While we recommend using this order to start with, the key principle is maintaining logical flow. For example, you could start by outlining deviations from your stage one report first before restating the hypothesis, but outlining your descriptive statistics after your inferential statistics would be confusing to the reader.

24.1 Restate your hypothesis from the stage one report

Compared to your stage one report, you might justify changing which statistical test is most appropriate, but your hypothesis should never change. You might no longer think it is a good idea or it could be expressed better, but that would be a lesson for the future. For your stage two report, your hypothesis should be the exact same one as you predicted in your group for the stage one report (if you had one in the first place). We promote initiatives like registered reports to avoid this kind of thing as changing your hypothesis risks HARKing - hypothesising after the results are known.

Some things we recommend here you might not see in published articles. It’s rare to see articles restate the hypothesis in the results section after already including it in the introduction, but just because published research could be presented better does not mean we want to reinforce bad habits.

Restating the hypothesis helps the reader as they might not have remembered it from the introduction, so after reading the method, they might have to skip back to the introduction to remind themselves. So, restating the hypothesis reminds the reader and frames what you are testing in the results.

Note

Remember, a research question is essential, but a hypothesis is not. If your study was purely exploratory, it is perfectly legitimate for the aim of your study to simply explore a topic, providing it is labelled as such. Likewise, if you had a clear hypothesis in the introduction, then the aim of your study is more on the confirmatory side. Both are valid aims for a study, you just need to be honest about what the original aim of your study was.

24.2 Deviations from your stage one report

The idea behind outlining your plans ahead of time through the registered report format or pre-registering a study is to avoid changing what you planned on doing and intentionally or unintentionally rationalising it after the fact. We know from meta-scientific research (refer back to lecture 1) that changing how you plan on processing and analysing your data can lead to more Type I errors, so we encourage you to be transparent about what you planned and what you actually did.

You can still change you mind, there is a common phrase “its a plan, not a prison. However, outlining your plan ahead of time means you can stick to it if you still think your plan is appropriate, or you are forced to explain and justify changes to your plan. If you have no deviations to note and you approached the data analysis in the same way you outlined in the stage one report, then you do not need this section.

For communication, avoid referring readers back to the stage one report as a means to cut words. Instead of saying “we changed our exclusion criteria (see stage one report)…”, include the relevant details in the text as one extra sentence could help communication for the reader to understand and avoid having to search for further details to understand your study.

24.3 Assumption checks

This is a component we want to see from you but it is exceptionally rare to see in published articles. When there are strict word counts, this is something people see as expendable, particularly if all the assumption checks past, so it is rare to see unless the authors had to deal with a specific problem.
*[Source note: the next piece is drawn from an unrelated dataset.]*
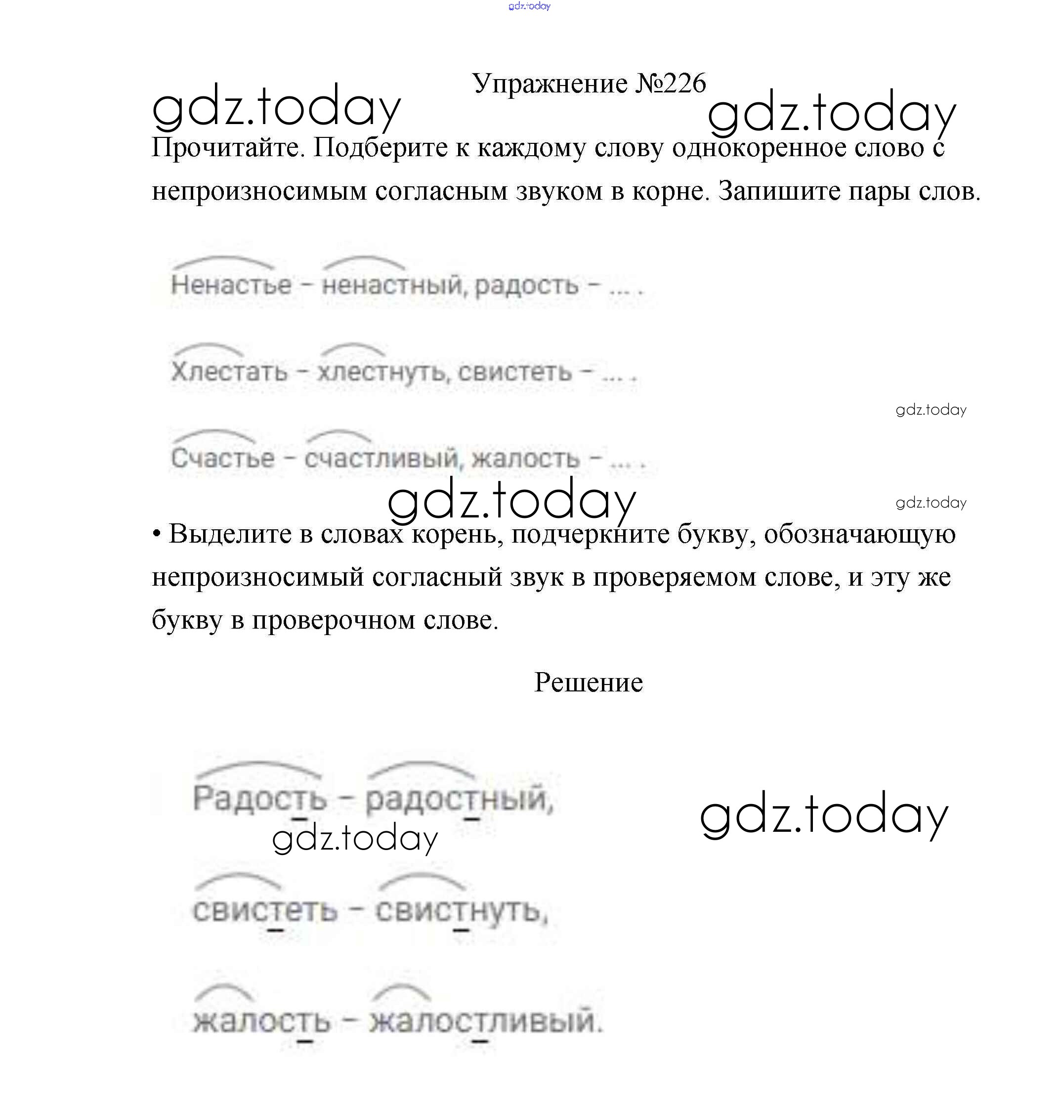 На страницах сайта gdz.today вы найдете учебный и вспомогательный материал, направленный на улучшения знаний школьной программы. ГДЗ - онлайн мир знаний Упражнения Часть 1 226 Учебнику по Русскому языку для 3 класса Канакина, Горецкий Просвещение Школа России 2013

When we use statistical tests, they make assumptions about the data you are putting into them to behave as intended and give you accurate inferences. This content can be quite short, but we want to see which assumptions you tested, how you tested them, and what the outcome was.

Important

You need to explain which assumptions you checked, how you checked them, and whether they passed the checks, but you do not need to provide long explanations of what the assumptions are. You are working to a word count, so you can assume the reader knows what the assumptions are, you are just telling them whether you consider them to hold or not.

For example, if you intended to perform a Pearson’s correlation or simple linear regression, you would check for normality of residuals, interval-level data, linearity, and homoscedasticity. You would outline how you checked these, such as looking at diagnostic okits, and whether you still think using a parametric test like Pearson’s is appropriate.

Note

You check most of the assumptions using diagnostic plots and your own interpretation, so often there is no black and white answer. It is a judgement call that you must be able to explain and justify. The assumptions will never be perfect, so it is not about talking yourself out of using a parametric test, just checking it would be appropriate to use.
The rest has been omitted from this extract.